В этом случае техника может сделать терапевтическое взаимодействие механистическим и разрушить спонтанность, которую мы стремимся развивать у своих пациентов.
Несколько лет назад один из нас (Лачман) проводил семинар, на котором учебной группе демонстрировались сеансы проводимого им анализа. Пациентка рассказывала о сновидении, в котором ей снилось, как она играла в теннис. После нескольких замечаний, касавшихся ее партнеров по теннису и противников, пациентка замолчала. Аналитик выждал некоторое время и сказал: «Ваша подача». После этого пациентка начала говорить о том, как ей трудно брать на себя инициативу. Студенты признали, что интервенция была очень искусной. Одна из студенток проводила анализ под наблюдением обучающего аналитика. Однажды, когда ее пациент во время сеанса замолчал, она сказала ему: «Ваша подача». Хотя интервенция студентки была не совсем уместна, потому что на протяжении всего сеанса не было никакого упоминания о теннисе, она сработала. Ее пациент действительно начал говорить. Однако идея Лачмана состояла в том, чтобы проиллюстрировать использование в терапевтической работе образов и метафор, совместно создаваемых пациентом и аналитиком. Материал был представлен не для того, чтобы научить технике, позволяющей терапевтам преодолевать молчание. Хотя неверное понимание студентки не нанесло вреда ей или пациенту, ее слова не способствовали развитию креативности техники. Вырванная из специфического контекста, «импровизация» может стать «ритуализированным сценарием».
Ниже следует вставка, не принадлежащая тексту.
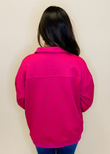 Upgrade your casual wardrobe with this pink Textured Half Zip Pullover. The textured fabric adds a unique touch to this otherwise classic piece, wh...
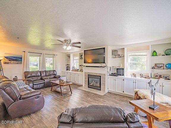 Soldotna Area 3 Bedroom Home, 2563 Sf of living, 2.5 Baths, NEW FLOORING THROUGHOUT, Great Fireplace in the Living Room, BONUS Office Area & built in, Master Bedroom on Main level, INCREDIBLE BONUS SPACE for Family Room, Home Business or Incredible Den. Home is 2 levels, with Addt' play area upstairs, TREX Decking on backdeck, and fully fenced Back Yard. Generous Driveway Parking And RV CARPORT.
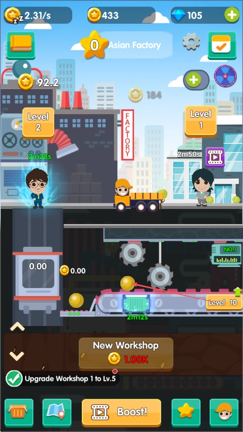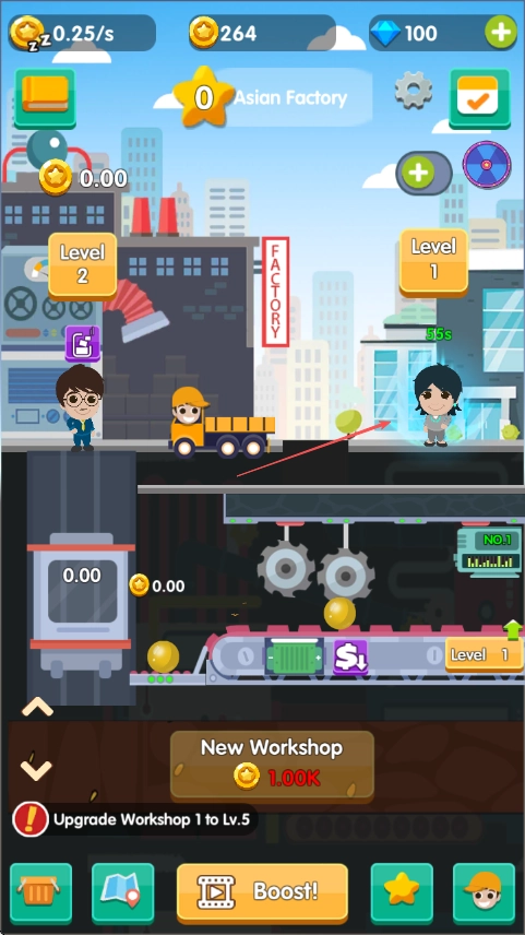 对车间与设施进行升级改造,以此提升生产效率;与此同时,要留意上方角色的状态,在合适的时机为其安排相应工作。

Терапевтическому взаимодействию способствует взаимно создаваемая креативная коммуникация, в которой аналитик «получает» более четкое понимание переживаний пациента и передает это понимание пациенту особым образом, позволяющим пациенту почувствовать, что он «услышан» или «понят». В идеальном случае аналитик и пациент создают отношения, которые не могут возникнуть между данным аналитиком и любым другим пациентом. Независимо от того, насколько знакомым может показаться аналитику взаимодействие, насколько оно может восприниматься как «взятое прямо из учебника», только уникальность совместно пережитого аналитиком и пациентом опыта может создавать эмоционально насыщенные ситуации (Pine, 1981; Beebe, Lachmann, 1994), которые становятся доступными изменению.
Гораздо проще описать аналитическую технику, чем обучить аналитической креативности, спонтанности или интуиции. Постоянно помня об этом, мы перечислим и проиллюстрируем «принципы» психотерапии и психоанализа. Для иллюстрации этих принципов мы будем использовать клинический материал из анализа Нэнси.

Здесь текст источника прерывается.